**TASK INPUTS**
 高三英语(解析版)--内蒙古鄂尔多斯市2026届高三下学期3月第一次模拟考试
==
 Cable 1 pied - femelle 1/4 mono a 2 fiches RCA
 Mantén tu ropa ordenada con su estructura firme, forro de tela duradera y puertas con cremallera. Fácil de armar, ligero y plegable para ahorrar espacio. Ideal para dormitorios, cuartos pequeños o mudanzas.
...
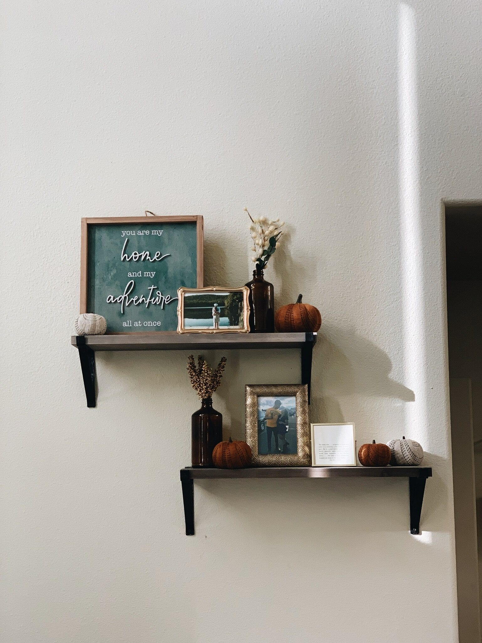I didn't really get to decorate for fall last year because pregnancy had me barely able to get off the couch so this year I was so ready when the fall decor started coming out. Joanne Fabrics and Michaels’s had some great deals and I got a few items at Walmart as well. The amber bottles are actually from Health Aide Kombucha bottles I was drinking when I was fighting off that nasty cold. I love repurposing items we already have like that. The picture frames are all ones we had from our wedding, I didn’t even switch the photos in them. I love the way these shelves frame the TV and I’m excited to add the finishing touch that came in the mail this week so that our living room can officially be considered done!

**YOUR TASK**
Go through the material above and output exactly the lines from the one containing "Cable 1 pied" through the one containing "Mantén tu ropa".

**THE COMPLETED TASK**
 Cable 1 pied - femelle 1/4 mono a 2 fiches RCA
 Mantén tu ropa ordenada con su estructura firme, forro de tela duradera y puertas con cremallera. Fácil de armar, ligero y plegable para ahorrar espacio. Ideal para dormitorios, cuartos pequeños o mudanzas.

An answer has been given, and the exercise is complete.